Transcribe the entries below without changing a word, and omit every picture.

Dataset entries
──────

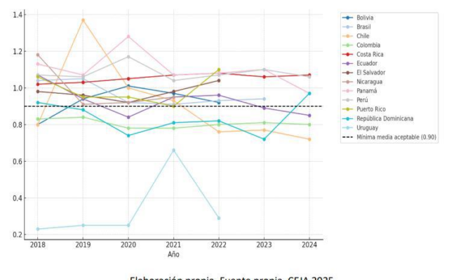 El estudio indica que República Dominicana, redujo en un 30% su tasa de congestión judicial entre 2023 y 2024 y alcanzó una tasa de resolución de 0.97, superando los niveles previos a la pandemia y situándose en el tercer lugar regional, solo detrás de Costa Rica (1.07) y Perú (1.06, cuya tendencia fue a la baja).
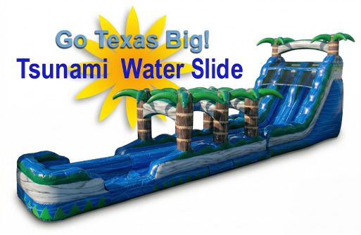 Ride the Tsunami all the way down! The 54ft Tsunami Water Slide is commercial-grade for extra durability, has a fun wave theme kids love, and is sure make your party, festival or event awesome this summer.
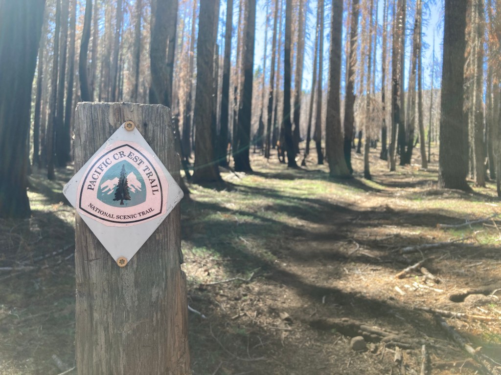 After about ten minutes my quilt is mostly dry. I stuff everything back in my bag and continue through the burn zone. It’s around 4:30, and I still have eight miles or so, but it’s all downhill. I continue with my audiobook for a while, and then the need for a cathole hits me. I sigh, annoyed. There’s hardly any cover, so I have to go all the way up a steep hill and then wrangle the very packed-in dirt. Then when I get back down to the trail, I realize I must have dropped my Kula cloth. UGH. I go back up the hill and comb the entire area, but I can’t find it. I come back down, trying to retrace my steps, but I can’t see it anywhere. So annoying. I lost one on the AT, too. I feel bad for whoever finds it, but I don’t know what else to do, and I need to keep moving. This eats up way too much time from my quickly fading daylight.
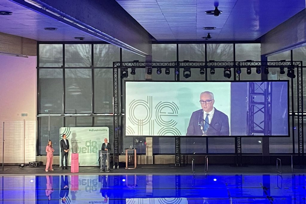 Tijdens de ceremonie hield de burgemeester een toespraak, en met een symbolische druk op de knop werd het zwemcentrum officieel geopend.
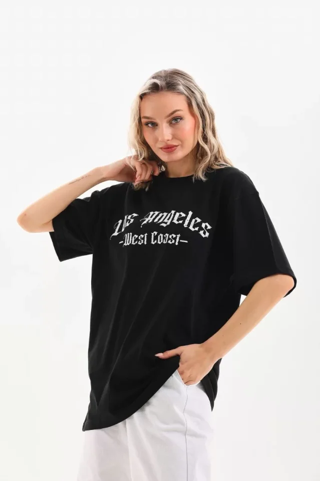 Unisex Baskılı Oversize T-Shirt - Siyah
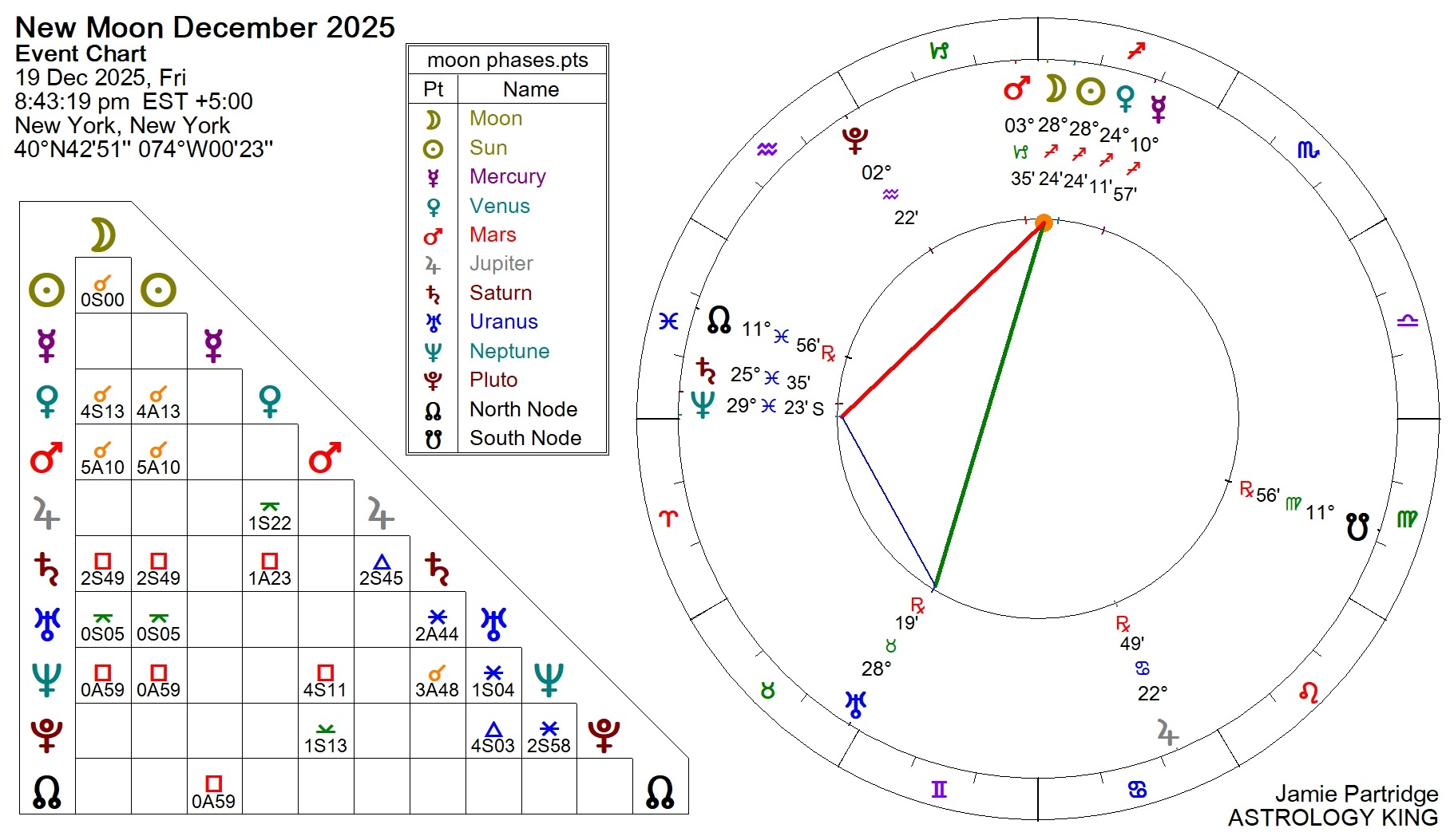The new moon on December 19, 2025, is at 28°24′ Sagittarius. It lies between Venus and Mars, but the most critical aspects are highlighted in the chart below. Both are challenging aspects: the red square to Neptune and the green quincunx to Uranus.
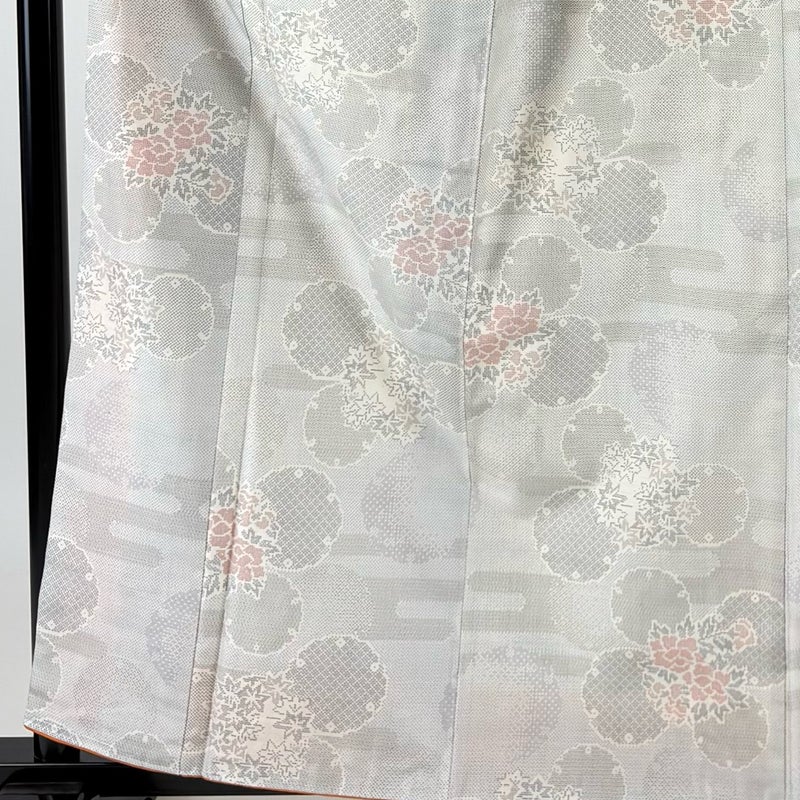 【着物ランク】秀品 【素材】正絹 【身丈】約160.5cm 【裄丈】約67.5cm 【袖丈】約50cm 【袖幅】約34cm 【前幅】約23.5cm 【後幅】約29cm 【サイズ】L 【着物仕立て】袷 【着用時期】10~5月 【状態ランク】ランクB 【着物着用シーン】気軽なパーティー、観劇、食事会、正月、気軽なお茶会、街着

──────

(TASK SOLUTION)
 El estudio indica que República Dominicana, redujo en un 30% su tasa de congestión judicial entre 2023 y 2024 y alcanzó una tasa de resolución de 0.97, superando los niveles previos a la pandemia y situándose en el tercer lugar regional, solo detrás de Costa Rica (1.07) y Perú (1.06, cuya tendencia fue a la baja).
 Ride the Tsunami all the way down! The 54ft Tsunami Water Slide is commercial-grade for extra durability, has a fun wave theme kids love, and is sure make your party, festival or event awesome this summer.
 After about ten minutes my quilt is mostly dry. I stuff everything back in my bag and continue through the burn zone. It’s around 4:30, and I still have eight miles or so, but it’s all downhill. I continue with my audiobook for a while, and then the need for a cathole hits me. I sigh, annoyed. There’s hardly any cover, so I have to go all the way up a steep hill and then wrangle the very packed-in dirt. Then when I get back down to the trail, I realize I must have dropped my Kula cloth. UGH. I go back up the hill and comb the entire area, but I can’t find it. I come back down, trying to retrace my steps, but I can’t see it anywhere. So annoying. I lost one on the AT, too. I feel bad for whoever finds it, but I don’t know what else to do, and I need to keep moving. This eats up way too much time from my quickly fading daylight.
 Tijdens de ceremonie hield de burgemeester een toespraak, en met een symbolische druk op de knop werd het zwemcentrum officieel geopend.
 Unisex Baskılı Oversize T-Shirt - Siyah
The new moon on December 19, 2025, is at 28°24′ Sagittarius. It lies between Venus and Mars, but the most critical aspects are highlighted in the chart below. Both are challenging aspects: the red square to Neptune and the green quincunx to Uranus.
 【着物ランク】秀品 【素材】正絹 【身丈】約160.5cm 【裄丈】約67.5cm 【袖丈】約50cm 【袖幅】約34cm 【前幅】約23.5cm 【後幅】約29cm 【サイズ】L 【着物仕立て】袷 【着用時期】10~5月 【状態ランク】ランクB 【着物着用シーン】気軽なパーティー、観劇、食事会、正月、気軽なお茶会、街着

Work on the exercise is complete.